Please repeat each line from the one holding "Lavendar Evening Dress" through the final line of the data, exactly as it stands, with no pictures.

*** Opening DATASET EXTRACT ***

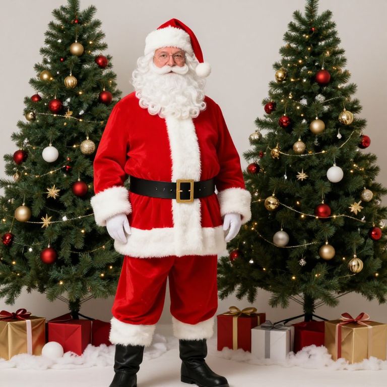 Male santa claus with a red and white outfit and a Santa hat.
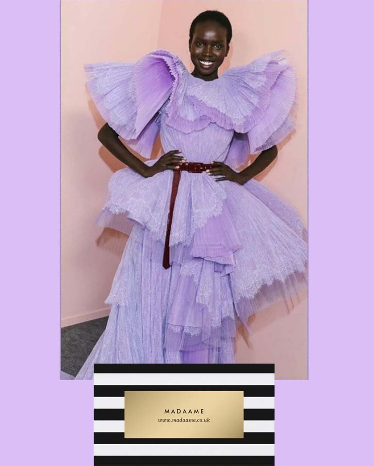 Lavendar Evening Dress With Frilly Shawl Cape
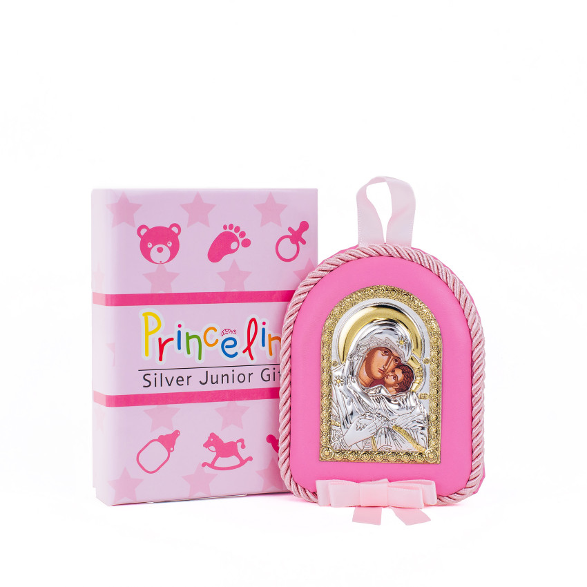 Серебряный оклад изготовлена из алюминиевого основания покрытого на лицевой части ламинированным слоем серебра 925, закреплен на мягкой розовой подушечке розового цвета, которую удобно вешать в кроватку!

*** Closing DATASET EXTRACT ***

### EXERCISE OUTPUT
 Lavendar Evening Dress With Frilly Shawl Cape
 Серебряный оклад изготовлена из алюминиевого основания покрытого на лицевой части ламинированным слоем серебра 925, закреплен на мягкой розовой подушечке розового цвета, которую удобно вешать в кроватку!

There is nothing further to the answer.